### What the exercise asks:
Below are records that contain pictures; transcribe the text exactly and omit the pictures.
--- Provided entries ---
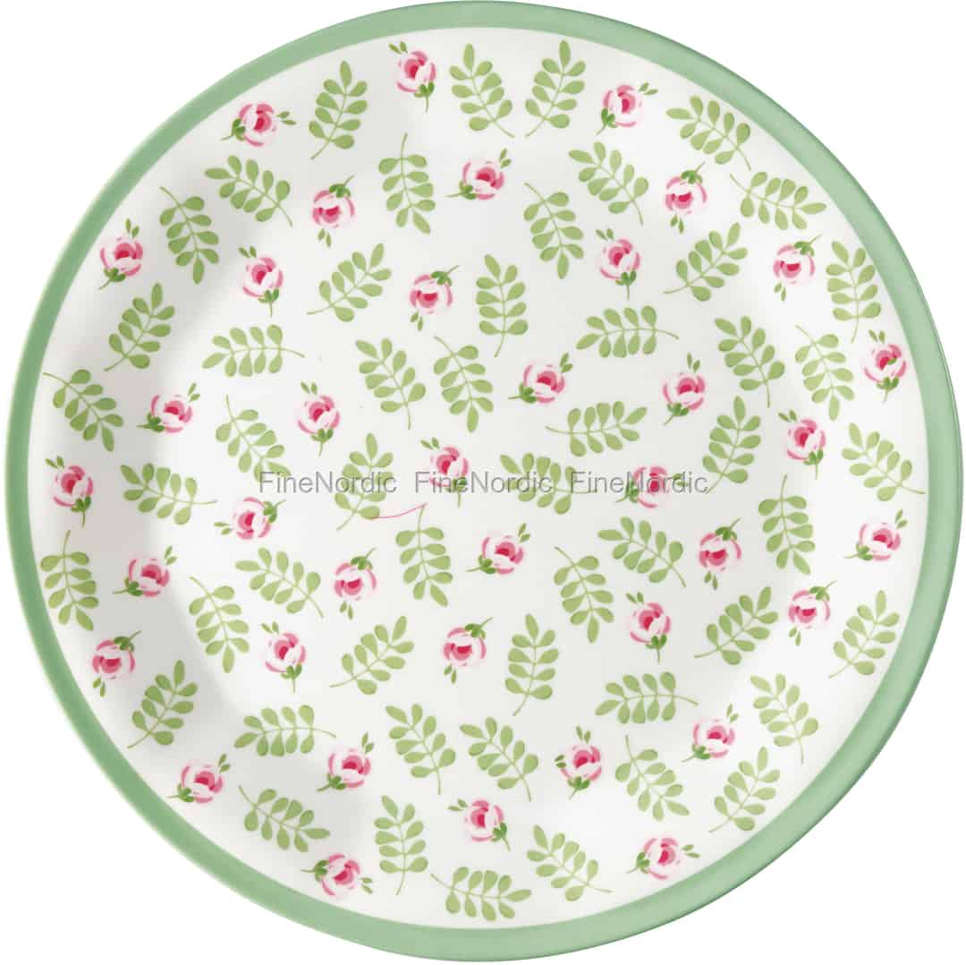 Der helle Oberseite des Lily Petit Melamintellers von GreenGate ist mit hellgrünen blättrigen Zweigen und feinen Blüten in verschiedenen Rottönen geschmückt. Der Tellerrand ist hellgrün und rahmt den Teller sehr schön ein. Der Teller kann zum Frühstück, für ein Stück Kuchen zum Nachmittagskaffee oder aber auch für den kleinen Hunger zwischendurch genutzt werden. Sie können ihn gut mit den anderen Lily Petit White Melaminprodukten kombinieren. Aber auch mit dem Lily Petit Porzellan von GreenGate kann er gemischt werden, denn ein Tafelgedeck bestehend aus verschiedenen Materialen wirkt gleich noch einladender und interessanter.
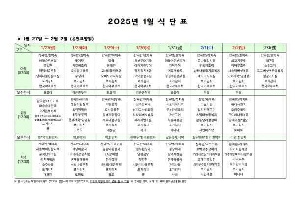 1월 다섯째주 식단표 페이지 정보 작성자 은천노인복지회 작성일25-01-24 10:07 조회16,959회 댓글0건 관련링크 이전글 다음글 목록 답변 본문 . 이전글 다음글 목록 답변
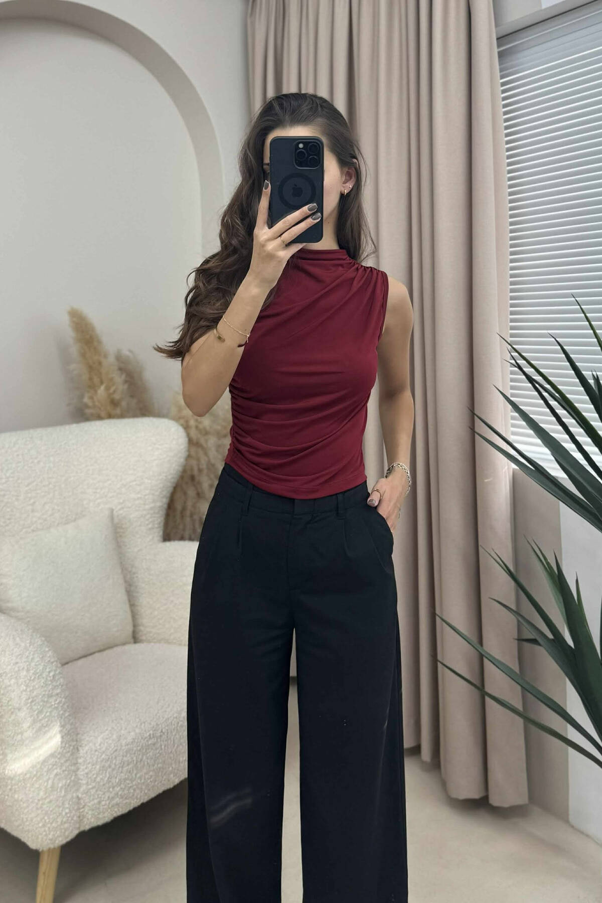 ONE COLOR SIMPLE WOMEN TANK TOP BURGUNDY/VISHNJE
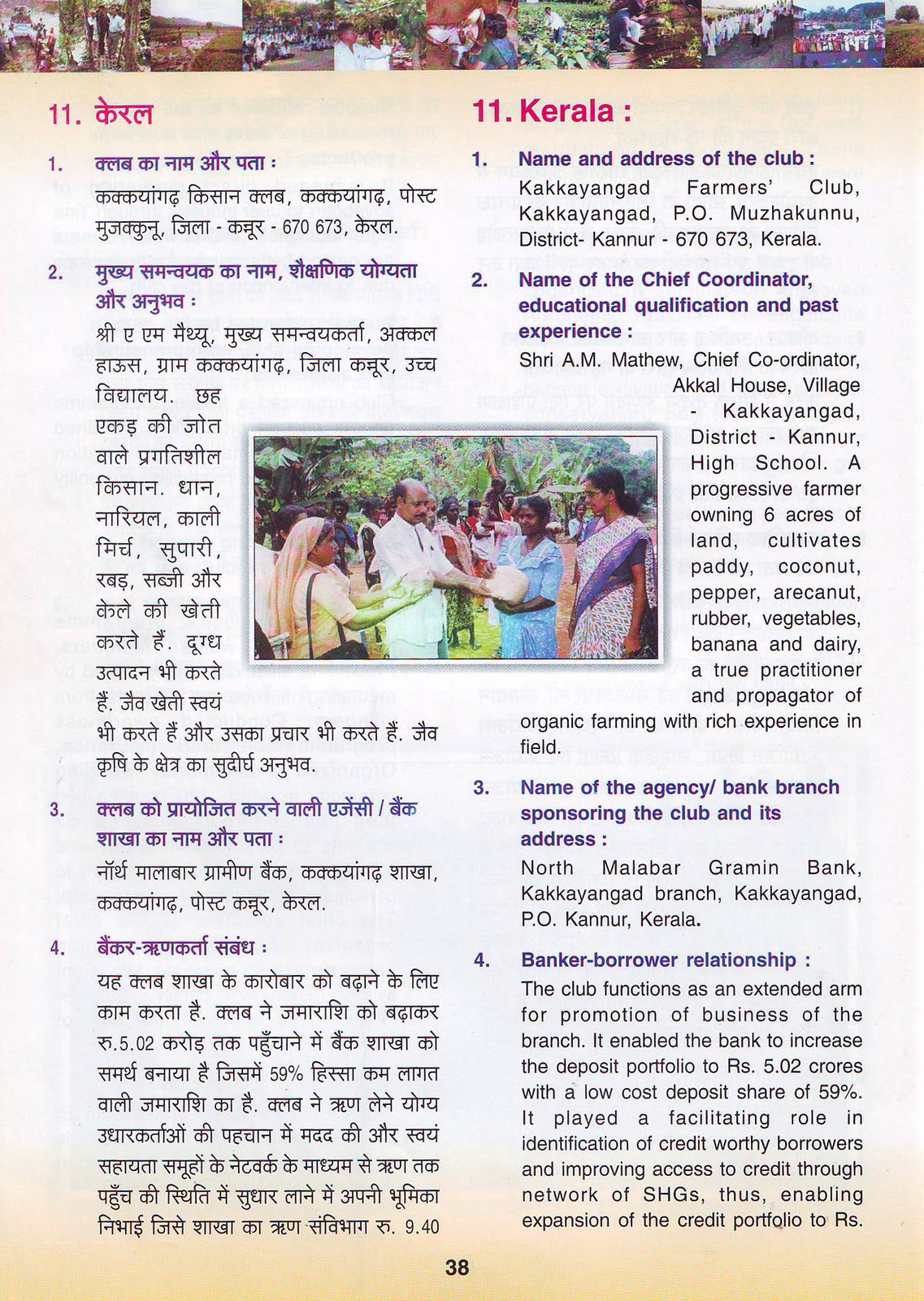 It was at this time that the Branch Manager of Kakkengad branch of North Malabar Gramin Bank under the guidance of then DDM took the initiative to mobilise a few progressive farmers who under the leadership of Shri A.M.Mathew joined hands on 19 March 1996 to give birth to Kakkengad Farmers Club. Undertaking a host of farmer friendly initiatives over the years, the Club grew from strength to strength and has now become a force to reckon with. This Club which won the prestigious best performance award from NABARD for three consecutive years viz, 2004-05, 2005-06 and 2006-2007 and recognition for the Best Farmers' Club at the National level in the year 2007-2008 is now a decade and half old and has many feathers to its cap.
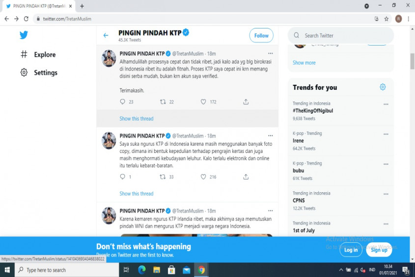 "Alhamdulillah prosesnya cepat dan tidak ribet, jadi kalo ada yg blg birokrasi di Indonesia ribet itu adalah fitnah. Proses KTP saya cepat ini krn memang disini serba mudah, bukan krn akun saya verified. Terimakasih."
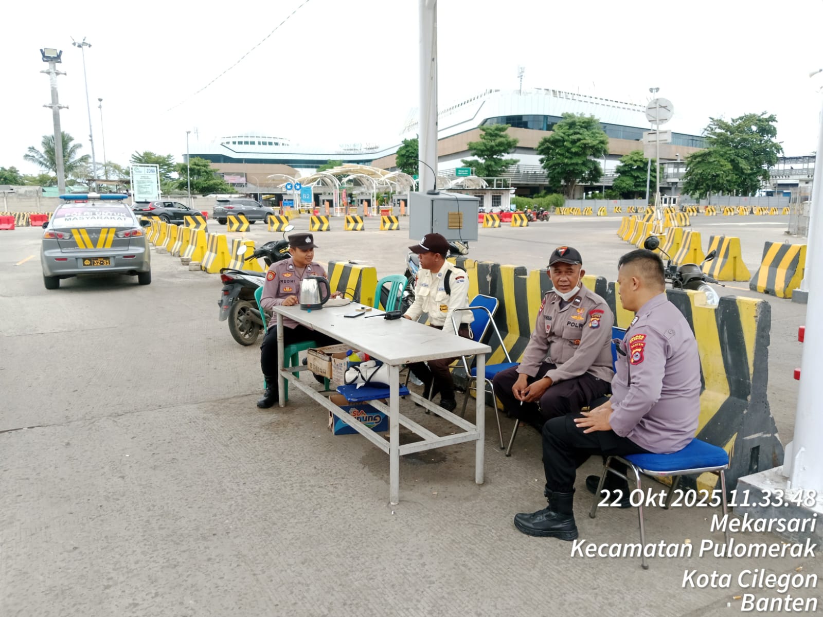 Cilegon - Personel Polsek Kskp Merak Polres Cilegon Polda Banten melaksanakan sambang dan patroli kawasan pelabuhan merak dalam rangka menjaga Harkamtibmas di Kawasan Pelabuhan Merak, Rabu (22/10/2025).
---
### Expected answer:
 Der helle Oberseite des Lily Petit Melamintellers von GreenGate ist mit hellgrünen blättrigen Zweigen und feinen Blüten in verschiedenen Rottönen geschmückt. Der Tellerrand ist hellgrün und rahmt den Teller sehr schön ein. Der Teller kann zum Frühstück, für ein Stück Kuchen zum Nachmittagskaffee oder aber auch für den kleinen Hunger zwischendurch genutzt werden. Sie können ihn gut mit den anderen Lily Petit White Melaminprodukten kombinieren. Aber auch mit dem Lily Petit Porzellan von GreenGate kann er gemischt werden, denn ein Tafelgedeck bestehend aus verschiedenen Materialen wirkt gleich noch einladender und interessanter.
 1월 다섯째주 식단표 페이지 정보 작성자 은천노인복지회 작성일25-01-24 10:07 조회16,959회 댓글0건 관련링크 이전글 다음글 목록 답변 본문 . 이전글 다음글 목록 답변
 ONE COLOR SIMPLE WOMEN TANK TOP BURGUNDY/VISHNJE
 It was at this time that the Branch Manager of Kakkengad branch of North Malabar Gramin Bank under the guidance of then DDM took the initiative to mobilise a few progressive farmers who under the leadership of Shri A.M.Mathew joined hands on 19 March 1996 to give birth to Kakkengad Farmers Club. Undertaking a host of farmer friendly initiatives over the years, the Club grew from strength to strength and has now become a force to reckon with. This Club which won the prestigious best performance award from NABARD for three consecutive years viz, 2004-05, 2005-06 and 2006-2007 and recognition for the Best Farmers' Club at the National level in the year 2007-2008 is now a decade and half old and has many feathers to its cap.
 "Alhamdulillah prosesnya cepat dan tidak ribet, jadi kalo ada yg blg birokrasi di Indonesia ribet itu adalah fitnah. Proses KTP saya cepat ini krn memang disini serba mudah, bukan krn akun saya verified. Terimakasih."
 Cilegon - Personel Polsek Kskp Merak Polres Cilegon Polda Banten melaksanakan sambang dan patroli kawasan pelabuhan merak dalam rangka menjaga Harkamtibmas di Kawasan Pelabuhan Merak, Rabu (22/10/2025).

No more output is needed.